> [Problem description]:
It is required that the lines from the top of the listing through the line with "KSPI MINTA PENGAWASAN" be reproduced exactly, excluding pictures.

---------- Material for this task

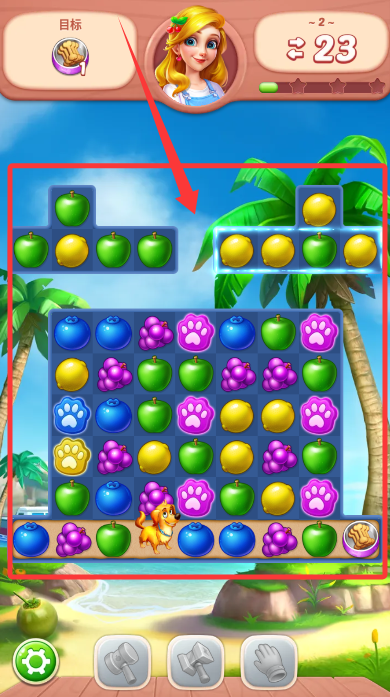 1、基礎消除模式,要求玩家在限定步數內完成目標分數或清除特定水果,需要合理規(guī)劃每一步的消除順序是成功的關鍵。
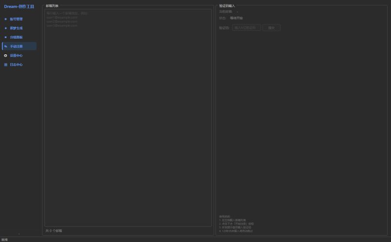 一行一个填写任意Email账号点击[开启注册]活获取验证码,自己手动填写一样可以注册账号。
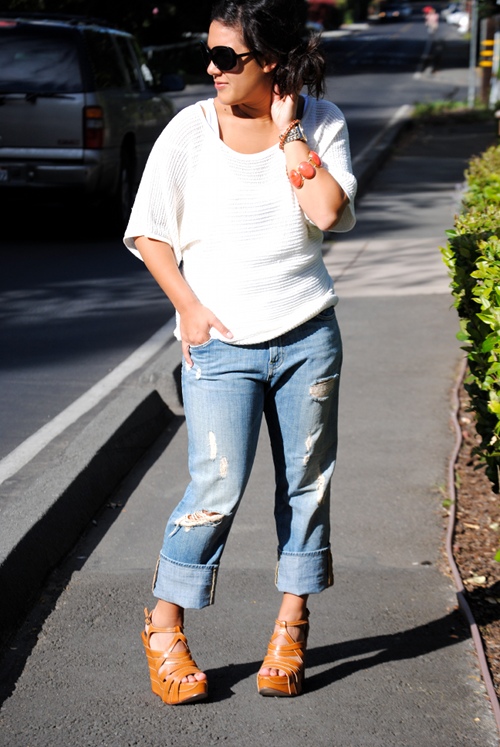 Who doesn’t like just throwing on jeans and a t-shirt some days? I sure as do don’t mind. Although I am not a fan of jeans in general… (probably because I have to hem every pair I buy) I Â must say that I love love love boyfriend jeans they are so comfortable they feel like sweats, which wins big points in my book. You can dress them up & you can dress them down. Since I have short ‘lil legs I paired these jeans with my favorite MIA platforms also seen in this pervious post.
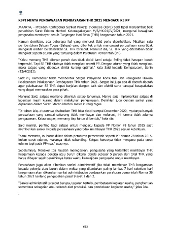 KSPI MINTA PENGAWASAN PEMBAYARAN THR 2021 MENGACU KE PP
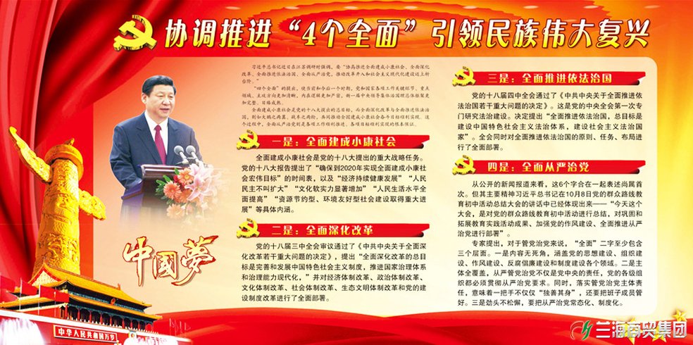 2014年12月,習(xí)近平總書記在江蘇考察時(shí)首次將“四個(gè)全面”并提;今年2月2日,在省部級(jí)主要領(lǐng)導(dǎo)干部專題研討班開班式上,習(xí)近平明確肯定“四個(gè)全面”是“戰(zhàn)略布局”,并對(duì)它們的邏輯關(guān)系做出闡釋:“這個(gè)戰(zhàn)略布局,既有戰(zhàn)略目標(biāo),也有戰(zhàn)略舉措,每一個(gè)‘全面’都具有重大戰(zhàn)略意義。全面建成小康社會(huì)是我們的戰(zhàn)略目標(biāo),全面深化改革、全面依法治國(guó)、全面從嚴(yán)治黨是三大戰(zhàn)略舉措。”
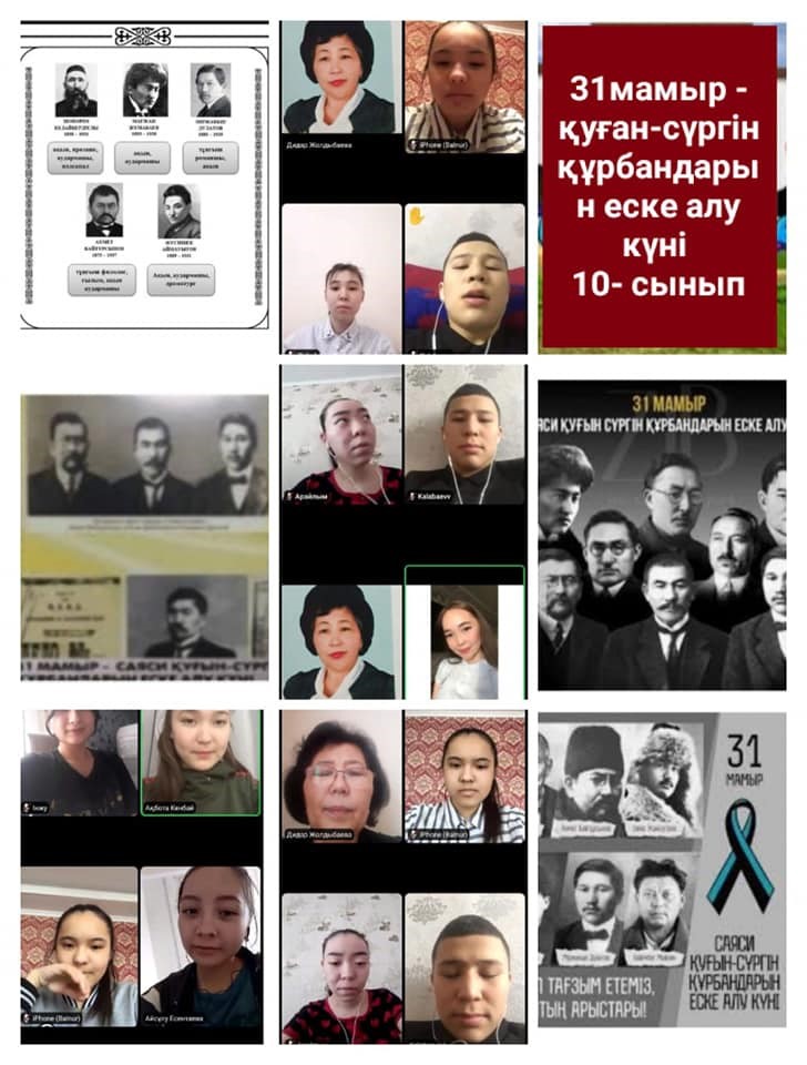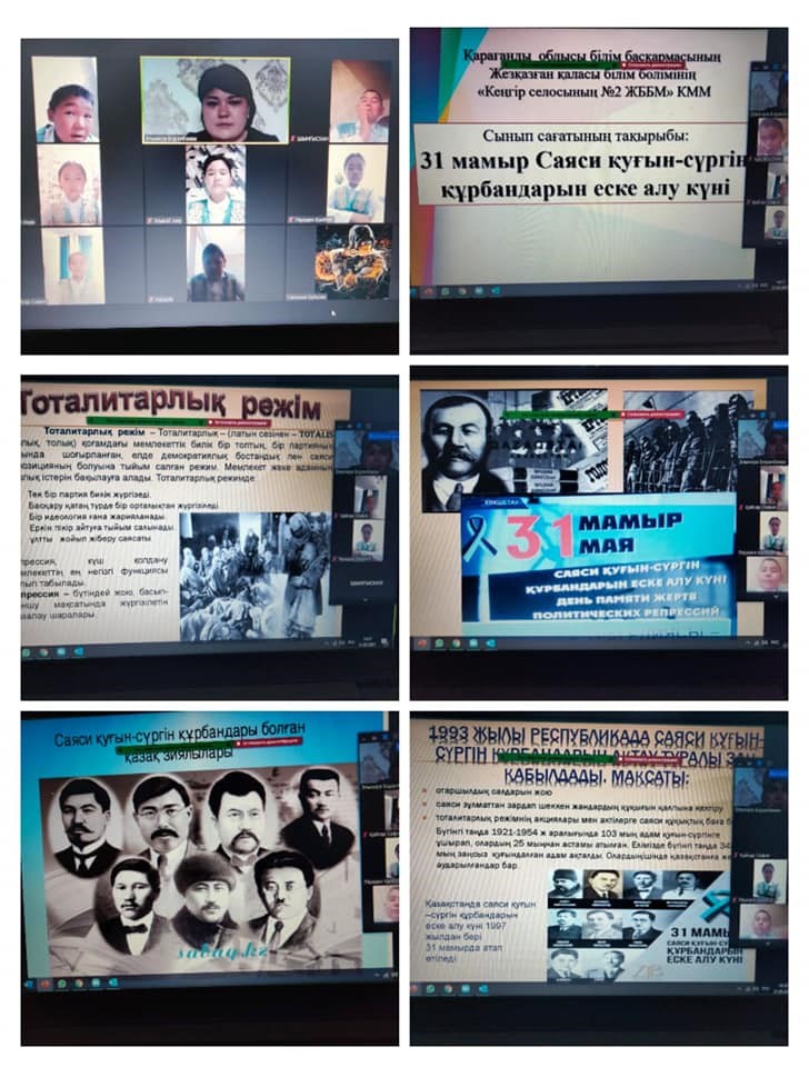 "Кеңгір селосының N2 ЖББМ"КММ-нің 1-11 сынып оқушыларымен 31мамыр-Саяси қуғын-сүргін жəне ашаршылық құрбандарын еске алу күні қарсаңында онлайн форматта сынып сағаттары өткізілді.Мақсаты:жас ұрпақты өз елінің тарихын білуге насихаттау, қазақ зиялылары туралы тың мəлімет беру жəне рухани адамгершілікке тəрбиелеу.
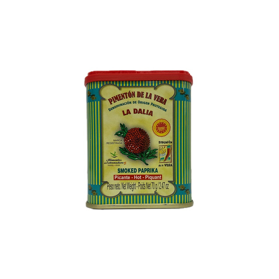 La lata de 70 grs. de Pimentón de la Vera La Dalia es el tamaño ideal para un uso doméstico por su tamaño reducido y facilidad de uso. Recomendado para todos los amantes de la buena cocina que eligen siempre los mejores ingredientes. El Pimentón de la Vera es ideal para elaboraciones como salsas, cremas, guisos o ensaladas aportando su característico sabor ahumado. Fundamental para la preparación del tradicional pulpo a la gallega. Disponible en tres variedades: dulce, agridulce o picante.
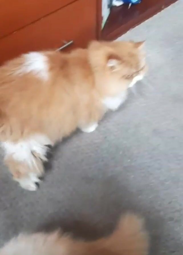 two fluffy cats on a grey carpet, with a wooden cabinet and a bookshelf in the background. The cat closest to the camera is mostly out of frame. The other cat is orange and white, and it sits looking to the side, then it looks up at the camera with a squint. A woman's voice is heard speaking in the background.
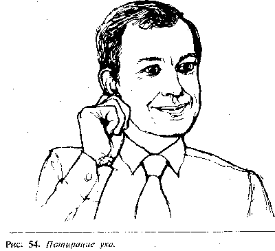 Фактически этот жест вызван желанием слушающего отгородитьсяот слов, положив руку около или сверху уха. Этот жест является взрослойусовершенствованной модификацией жеста маленького ребенка, когда он затыкаетуши, чтобы не выслушивать упреков родителей. Другими вариантами прикосновения куху является потирание ушной раковины, сверление в ухе (кончиком пальца),потягивание мочки уха или сгибание уха в попытке прикрыть им слуховоеотверстие. Этот последний жест говорит о том, что человек наслушался вдоволь ихочет, возможно, высказаться.
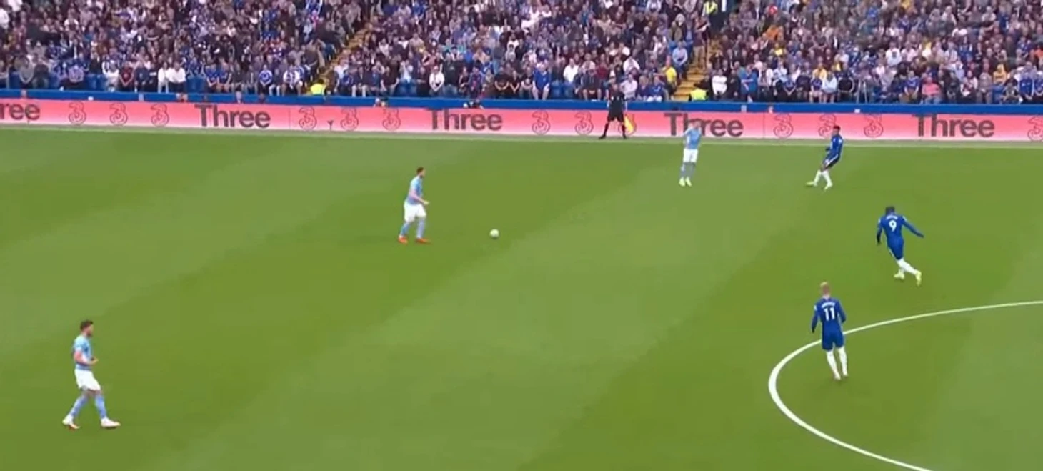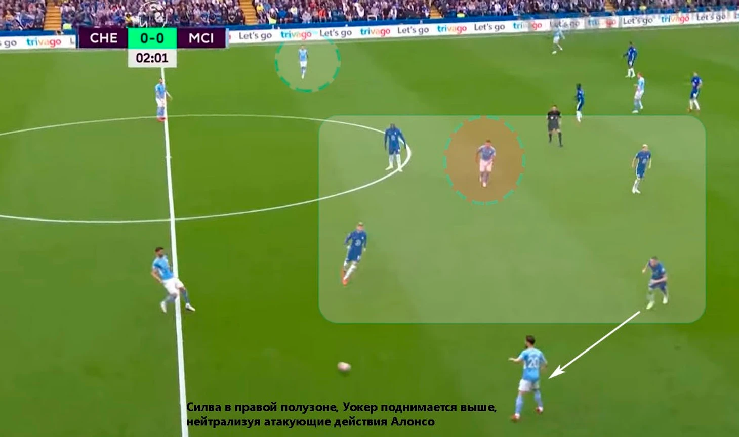 «Челси» пытался выманивать «Сити» короткими передачами и использовал несколько идей для этого. Первая с подниманием Алонсо высоко, что позволило бы Уокеру не подниматься высоко, что он пытался сделать на 2 — ой минуте матча:

--------------------

> [Result for this exercise]:
 1、基礎消除模式,要求玩家在限定步數內完成目標分數或清除特定水果,需要合理規(guī)劃每一步的消除順序是成功的關鍵。
 一行一个填写任意Email账号点击[开启注册]活获取验证码,自己手动填写一样可以注册账号。
 Who doesn’t like just throwing on jeans and a t-shirt some days? I sure as do don’t mind. Although I am not a fan of jeans in general… (probably because I have to hem every pair I buy) I Â must say that I love love love boyfriend jeans they are so comfortable they feel like sweats, which wins big points in my book. You can dress them up & you can dress them down. Since I have short ‘lil legs I paired these jeans with my favorite MIA platforms also seen in this pervious post.
 KSPI MINTA PENGAWASAN PEMBAYARAN THR 2021 MENGACU KE PP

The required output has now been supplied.